A paper from George Mason University’s Mercatus Center, a generally anti-regulation organization, doesn’t try very hard to hide its distaste for people who don’t like airport noise.

Eli Dourado and Raymond Russell tackle NIMBYism in their latest paper, claiming that complaints about airport noise come from a small number of people and disproportionately tilt noise abatement programs in a way that hinders the advancement of cheaper and faster commercial flight.

The researchers did not include Minneapolis-St. Paul International Airport in their study, using two airports around Washington, DC., Denver, Phoenix, Los Angeles, Las Vegas, Portland, Seattle, and San Francisco instead. But they clearly are applying their findings to the country.

Airport noise complaint data paints a startling picture. A handful of individuals are responsible for most of the noise complaints at most airports we examine. Some of these individuals do not appear to live particularly close to the airports to which they are complaining. For example, one individual in Strasburg, CO, 30 miles from Denver International Airport, complained 3,555 times in 2015, an average of 9.7 times per day. One individual in La Selva Beach, CA, about 55 miles from San Francisco International Airport, complained about airport noise 186 times during October 2015.

There are worrisome signs that this small, frustrated minority of citizens is affecting aviation policy. In recent decades, the Federal Aviation Administration (FAA) has imposed progressively more stringent noise standards on aircraft operating in US airspace.13 While noise abatement is desirable, it can have significant costs—particularly on the fuel efficiency of aircraft—resulting not only in higher carbon emissions but also in higher ticket prices. It is troubling that a tiny but vocal group is potentially driving policy. While we do not have data on grievances lodged directly to the FAA or to members of Congress, it is probable that those airport noise complaints follow a similar pattern.

The researchers say noise abatement is already strict and say it would be “a mistake to allow the preferences of a vocal but minuscule minority of citizens, however sympathetic their circumstances, to impede much-needed improvements in aviation.”

Here’s their report.

It’s not the most diplomatic approach to the discussion, especially when a researcher for the Koch-funded institution calls the complainers “cranky” and “crazy”, something would turn back the clock of the noise-abatement issue in the Twin Cities, in which airport authorities have at least tried to be civil.
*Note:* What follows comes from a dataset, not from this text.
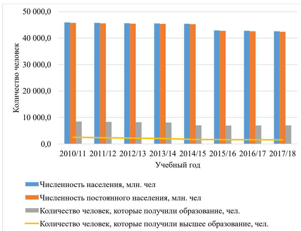
Рис. 3. Динамика количества лиц, получивших образование и высшее образование в Украине

Kriston Capps’ assessment on The Atlantic’s CityLab site is only slightly less abrasive.

Even in places where one caller isn’t dialing in the overwhelming majority of complaints, the upper echelons tend to be dominated by a small number of vocal opponents. Only 42 households complained about noise in Denver, but 4 callers lobbied 4,653 of the complaints—96 percent of the total. (With most all of those coming from way out in Strasburg.) Five individuals made 61 percent of the 688 noise complaints that Portland International Airport received in 2015. (Possibly more complaints than the airport received for ripping up its carpet.)

Federal agencies can be terribly susceptible to the distorting effects of a few dedicated opponents of an ostensible public nuisance. For example, complaints to the Federal Communications Commission about indecency on television jumped from 350 in 2000 to some 240,000 in 2003. But 99 percent of these complaints were filed by the Parents Television Council, an advocacy group founded by conservative activist Brent Bozell. Account for all the automated copy-and-paste complaints, though, and it turns out that no one really cares about The Simpsons.

Capps acknowledges that people shouldn’t have to live in noisy flight corridors if they don’t want to. “The answer to this household dilemma, though, is not to move the airport.”

Of course, the proper response isn’t to move either. It’s to try to work out an equitable arrangement that at least seeks some common ground. That doesn’t happen by calling people “crazy.”

I’ve asked the MAC’s Noise Program Office for an assessment of the local complaints.

In August, the latest month for which data is available, 6,196 complaints were lodged from 308 people. Metrowide, about 12,000 complaints came from about 600 people (Data here). One person in Mounds View was responsible for all 51 complaints from that community. One person from Falcon Heights reported 26 separate complaints.